Friday, February 15, 2013

Evidence suggests that slapping children does not quiet them down.

On occasion we are led to believe that there was a time when flying was a glamorous way to travel.  While I am not sure that time ever existed, if it did that time is gone.  Exhibit A in support of the fact that flying has gone from glamorous to brutal might be the case of Joe Rickey Hundley.

As reported by KTVB, a Boise, Idaho TV station, Mr. Hundley was a passenger on a flight to Atlanta.  Sitting in the same row as Mr. Hunley was a 33-year-old woman and her 18-month-old son.  The boy began crying as the plane came in for a landing.  Mr. Hundley then allegedly told the mother to quiet the boy (using the n-word as an adjective in case the woman was confused as to which boy should be quieted).  When that didn't work, Mr. Hundley allegedly slapped the child.

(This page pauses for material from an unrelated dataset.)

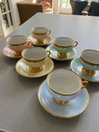 Porcelæn, Mokka kopper, gamle, Kjøbenhavns porcelæns maleri KPM, Fine gamle mokka kopper. Den gule har en lille rift i porcelænet, og den grønne underkop en lille flænge. Sælges samlet for 500 kr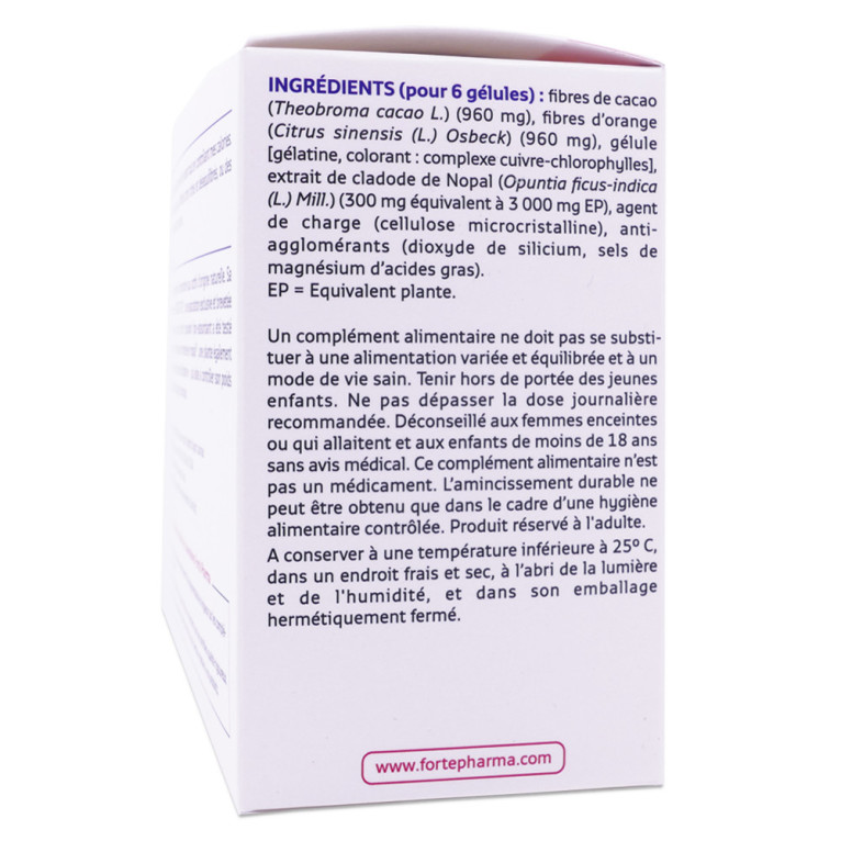 Fibres De Cacao (Theobroma Cacao L.) (960 Mg), Fibres D’Orange (Citrus Sinensis (L.) Osbeck) (960 Mg), Gélule [Gélatine, Colorant : Complexe Cuivre-Chlorophylles], Extrait De Cladode De Nopal (Opuntia F Icus-Indica (L.) Mill.) (300 Mg Équivalent À 3 000 Mg Ep), Agent De Charge (Cellulose Microcristalline), Antiagglomérants (Dioxyde De Silicium, Sels De Magnésium D’Acides Gras). Ep = Equivalent Plante.

You can read the affidavit of the FBI Special Agent who investigated the matter here.  The affidavit states that at least one other passenger on the plane saw Mr. Hundley strike the child.  As a result, Mr. Hundley has been charged with assaulting a minor on an aircraft.

It will shock no one who has ever been a parent or even around children, that slapping the child did not cause the boy to stop crying.  Instead, the boy only cried more loudly.  This is undoubtedly because in addition to whatever discomfort was causing him to cry in the first place, the boy now had the experience of being slapped by a strange man to go with it.